Las hojas húmedas se mecían suavemente con el viento, rozando las ramas y creando una tenue melodía que parecía acompañar la venganza que acababa de comenzar.

Rastros de la batalla anterior permanecían: manchas de sangre fresca, armas rotas y cadáveres parcialmente devorados por hormigas e insectos salvajes.

En medio de todo, yo permanecía impasible ante una mujer temblorosa.

La recepcionista del gremio, una mujer lobo de pelaje gris oscuro y ojos dorados que habían perdido su brillo de confianza.

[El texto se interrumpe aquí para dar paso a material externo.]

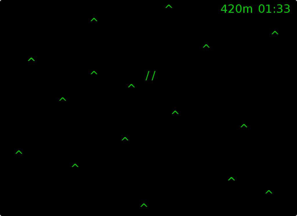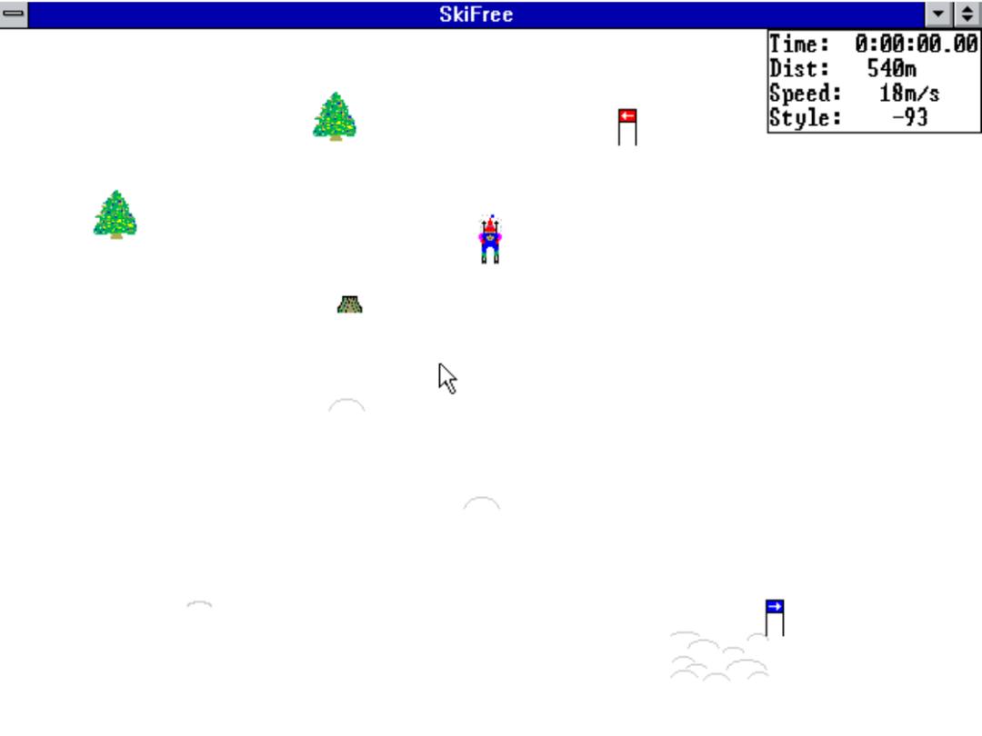 在 SkiFree 其中,玩家需要用键盘或鼠标来控制滑雪者穿过代表山坡上雪的白色背景。游戏包括三种模式:障碍、自由和树阻。目标是滑下无尽的陡坡,绕过障碍物(树、树桩、狗等)。).当玩家通过 2000 大米标记时,还会出现雪怪追逐玩家,追上时玩家就会被吃掉。

Rápidamente se dio cuenta de que este lugar era el sitio de muerte para los doce intrusos.

Sus cadáveres permanecían intactos, algunos rostros aún reconocibles a pesar de que sus cuerpos fueron destrozados por las despiadadas cadenas.

—Esos rostros…

no hay duda…

todos son…

—murmuró, con la voz quebrada.

La miré sin emoción.

—Correcto.

Son los que intentaron secuestrarme.

Y creo que sabes bastante sobre ellos.

El miedo comenzó a dibujarse claramente en su rostro, pero sabía que eso no era suficiente.

Necesitaba información.

Quería saber quién estaba detrás del intento de secuestro.

Tenía que confirmar cuán profunda era la influencia del sindicato dentro del gremio y quién más estaba involucrado, incluyendo hasta qué punto el Maestro del Gremio estaba enredado.

Pero había un problema.

—Nunca aprendí técnicas de interrogación —murmuré suavemente, dejando escapar un suspiro.

Pero tenía herramientas.

Doce cadenas se extendieron lentamente desde mi cuerpo, silbando como serpientes metálicas deslizándose por el aire.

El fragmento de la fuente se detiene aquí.